# New TryNex Salter



## Andy N. (Dec 14, 2001)

Anyone seen their new spreader. It is an insert spreader with a 1.5 yd capacity. It is made of some kind of plastic. All electric, no gas engine to putz with. It only weighs 400 lbs! Nice in cab controls etc. Has anyone considered this thing yet?


----------



## SnoJob67 (Sep 3, 2001)

I saw a black and white photo. It is made of poly, similar to tailgate spreaders and poly plowboards. I think it looks like a great option, especially if it weighs only 400 lbs! 

There is an 8000 (8') for regular bed and a 6000 (6') for short bed trucks. The price I have are $2999 and $2799, respectively. That is about $100 less than the same company wants for a 2 yard Hiniker with 10.5 briggs. The poly gives us yet another option other than mild steel and stainless.


----------



## Andy N. (Dec 14, 2001)

was that price for the salter and install or just for the salter? The price I have is around $4,000 for the salter and install. I would be interested to know so that I can maybe swing a deal with them. Let me know!


----------



## SnoJob67 (Sep 3, 2001)

Those prices are uninstalled, but the $1100 difference is substantial. You could drive to Illinois and get it installed and be further ahead. (I'm (Half)-joking!) 

I'd shop prices a bit. I can't imagine installation would take more than half a day. A day max for someone who has not done one before. I'd prefer to have it installed by someone who does them for a living, but for $1100, I could buy an awful lot of trial and error.


----------



## nsmilligan (Dec 21, 1999)

They're quite impressive, and I'm looking quite seriously at one, also their 2 stage tailgate is quite neat, as you can also vary the auger and spinner speed separatly.

Bill


----------



## CT18fireman (Nov 30, 2000)

Most shops around here can install a spreader in a couple hours. Maybe an hour for wiring and another hour to set spreader, install chute, grease and get running. 

Took me 2 hours last year for my new spreader. I can't imagine taking more time unless tie downs need to be added or something. Even then only a little more time.


----------



## 4evergreenlawns (Oct 22, 2002)

Just got an install price of $3036.00 not including tax. I am also seriously considering this item but have a concern about a 1st year release and the electic motor. Has anyone actually seen this V box? They say there is a floor stand that allow two people to just tip the box and pull it out of the bed too. Anyone believe this?:eek


----------



## Pelican (Nov 16, 2001)

It only took me a few hours to transfer my V box from one truck to another. The most time consuming part is connecting the harness to the truck. A cakewalk!.


----------



## Brickman (Jun 17, 2002)

Do a search on google.com. There are several web sites there.


----------



## SnoJob67 (Sep 3, 2001)

I have seen the spreader, but it really isn't a V Box. It has a unique design.
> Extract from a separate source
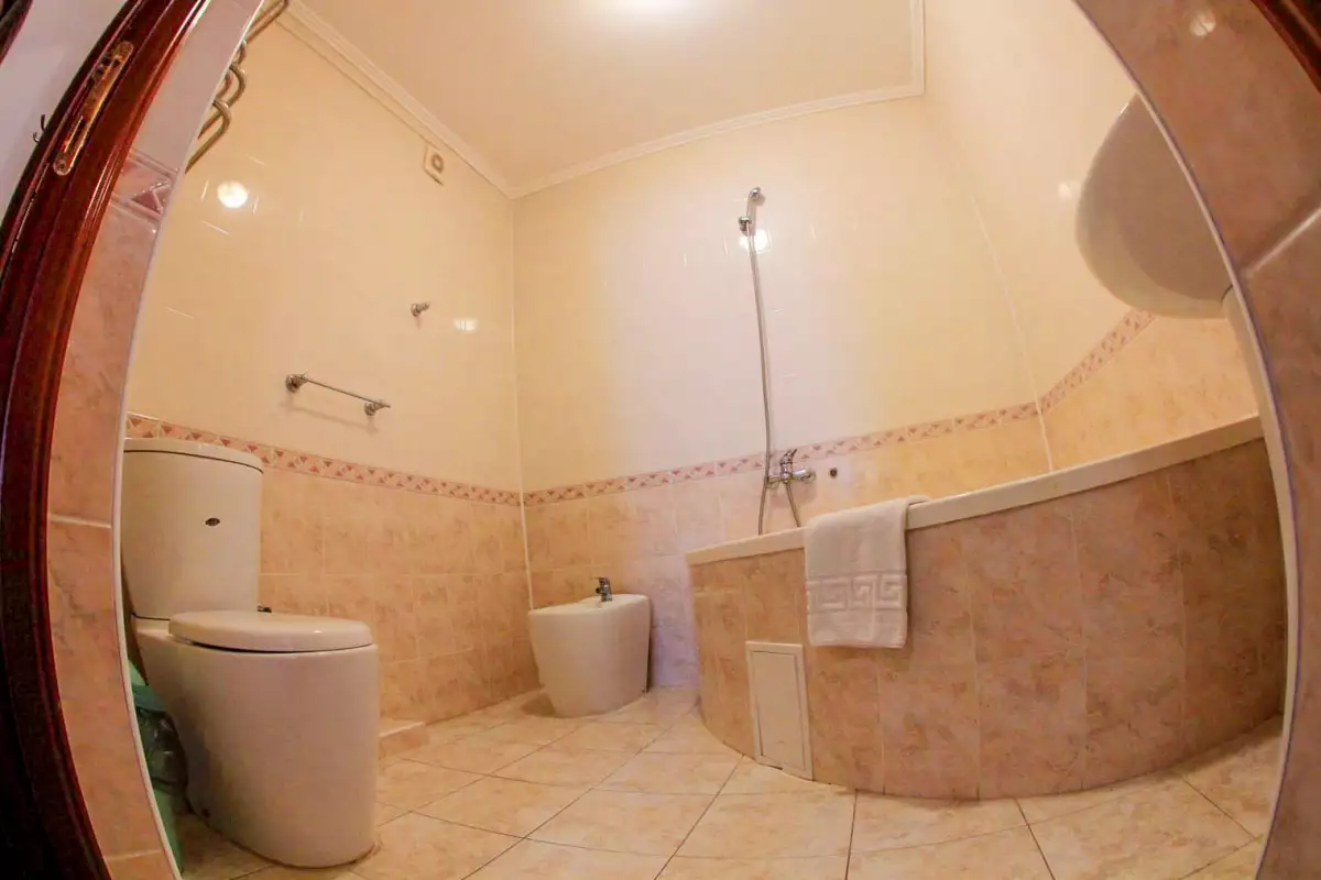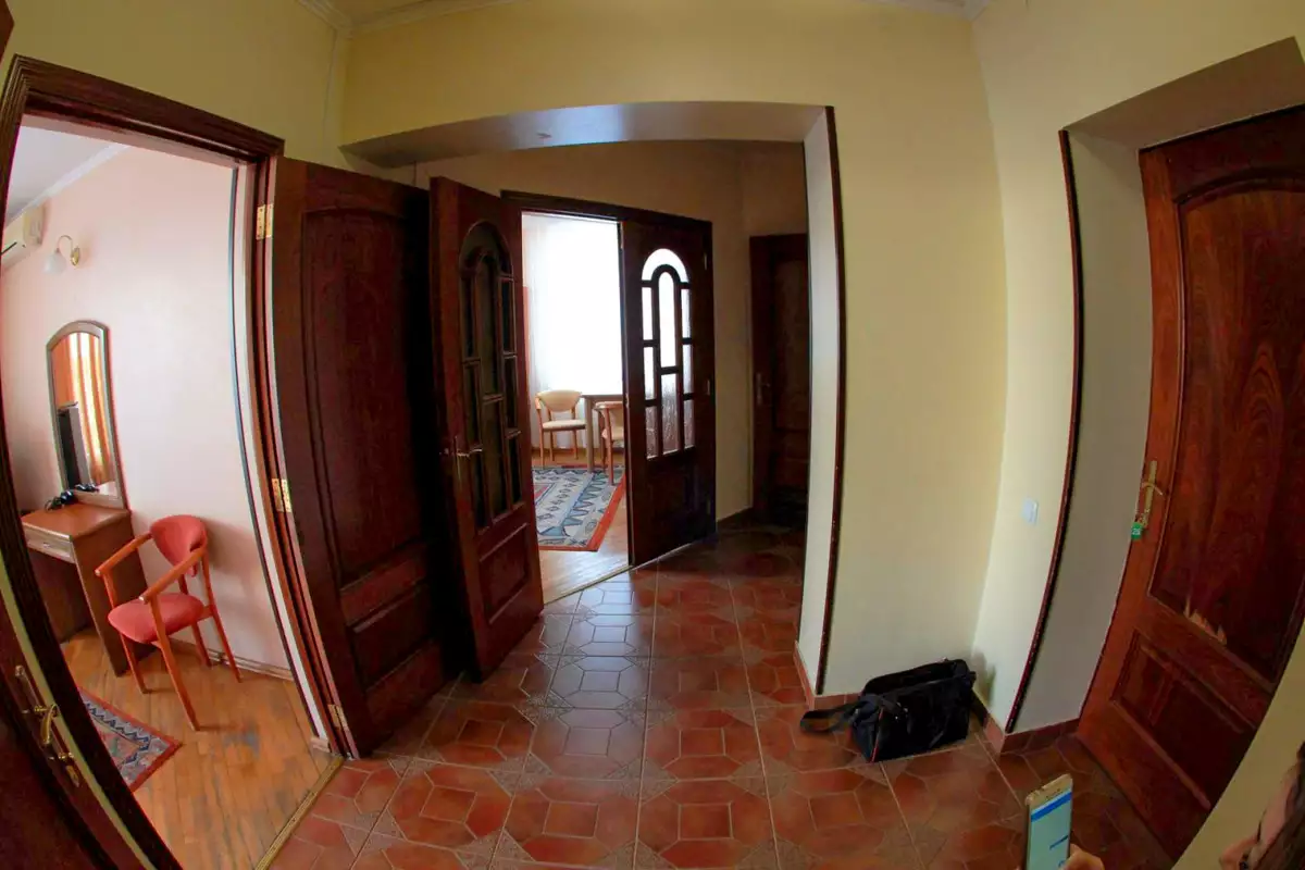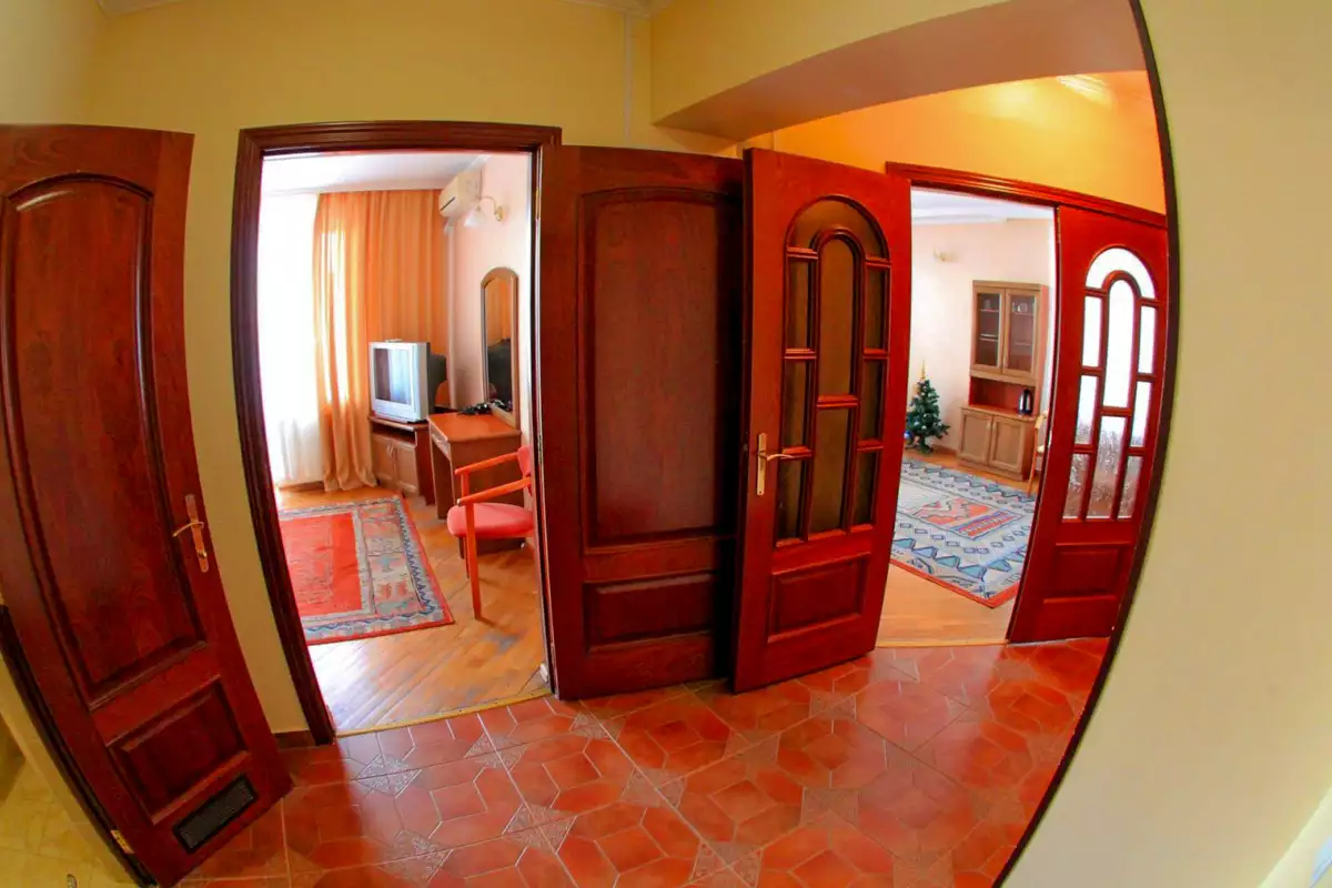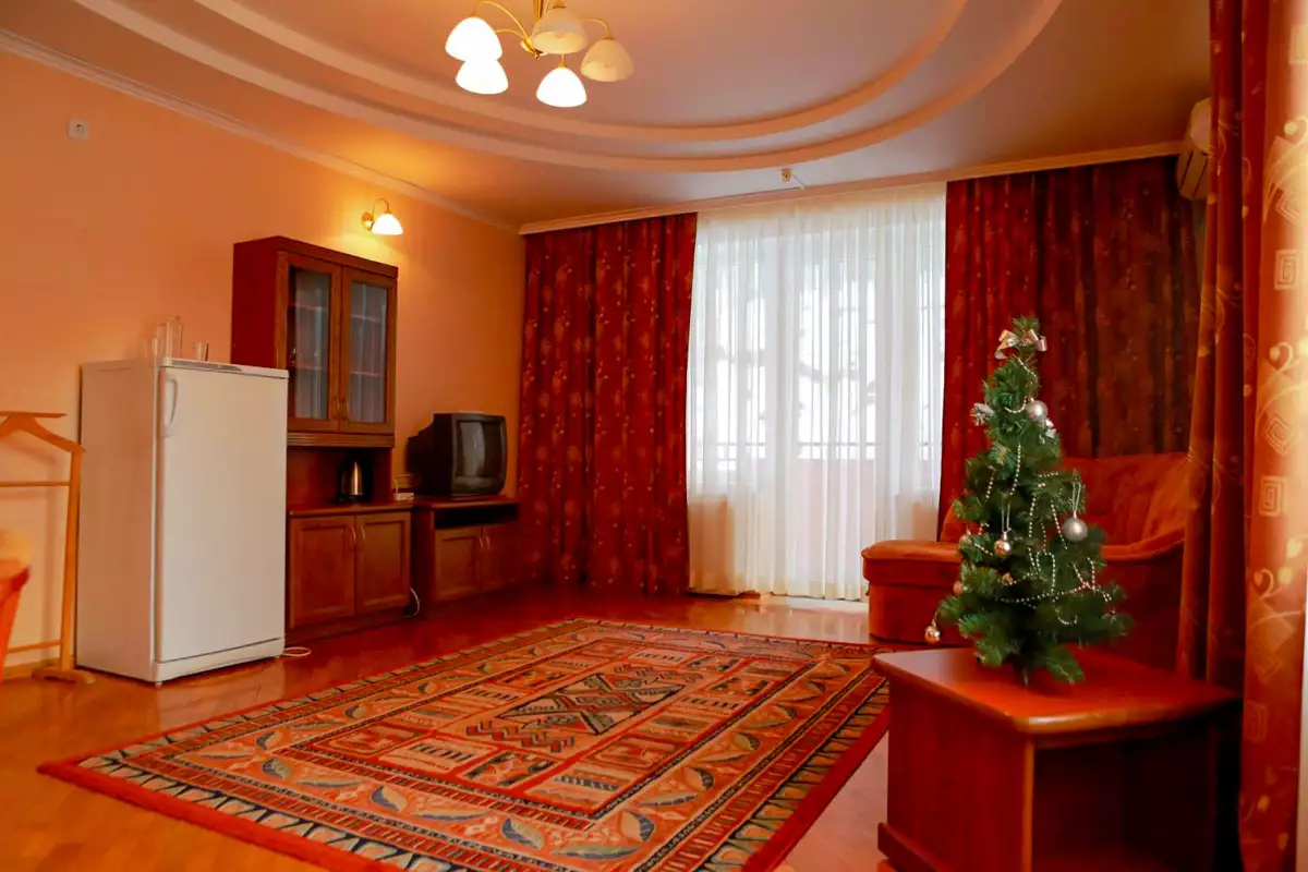 Апартаменти (5 трикімнатних номерів) — передпокій (шафа для одягу, холодильник, електрочайник, посуд), вітальня (м’яка частина, телевізор, балкон), спальня (двоспальне ліжко, телевізор, балкон), дитяча (2 односпальні ліжка, розкладний диван), 2 санвузли (ванна або душ, туалет, умивальник, фен).

There is really nothing to go wrong with the spreader from what I saw. I would not be concerned about being it's first year. This isn't precision machinery. The mechanics are pretty basic. A motor, a vibrator, some gravity and a spinner.

I'd shop that price, for sure! Good luck.


----------



## SnowGodFather (Aug 1, 2001)

Only place I found that had prices on the net for this spreader.

Click Here


----------



## Rooster (Dec 13, 1999)

Or you could check put:

Langsauto

Another source

And another

Go to google and do a search, many different options for available.


----------



## nsmilligan (Dec 21, 1999)

Just bought a new 1875 Sand pro to replace my Fisher 110 tailgate unit, as I was having a few problems with the flow of magic salt through it, and of course sand was out of the question.
So far I'm happy with the quality, workmanship, etc, just waiting for snow to see how it works

Bill


----------



## 4evergreenlawns (Oct 22, 2002)

Well, I took a chance and had the Vee Pro 800o installed yesterday. It does not look like a V box at all. Hard to really, the auger sits right at the end of the unit at the chute where it is the only place it actually looks like a V box. The front end of the box is only about 18" tall and slope down toward the rear. No long auger, inverted V, chain, gears, and most of all no gasing up in the weather. It does look great but I question the 1.5 cu. yd capicity. I will know real soon I hope and I will be sure to keep you all updated. I'll work on getting some pictures. Great thing is the truck is hardly even squating at all with only 400 pounds in the bed empty.


----------



## nsmilligan (Dec 21, 1999)

Put about a ton of salt throught the 1875 last nite, works great.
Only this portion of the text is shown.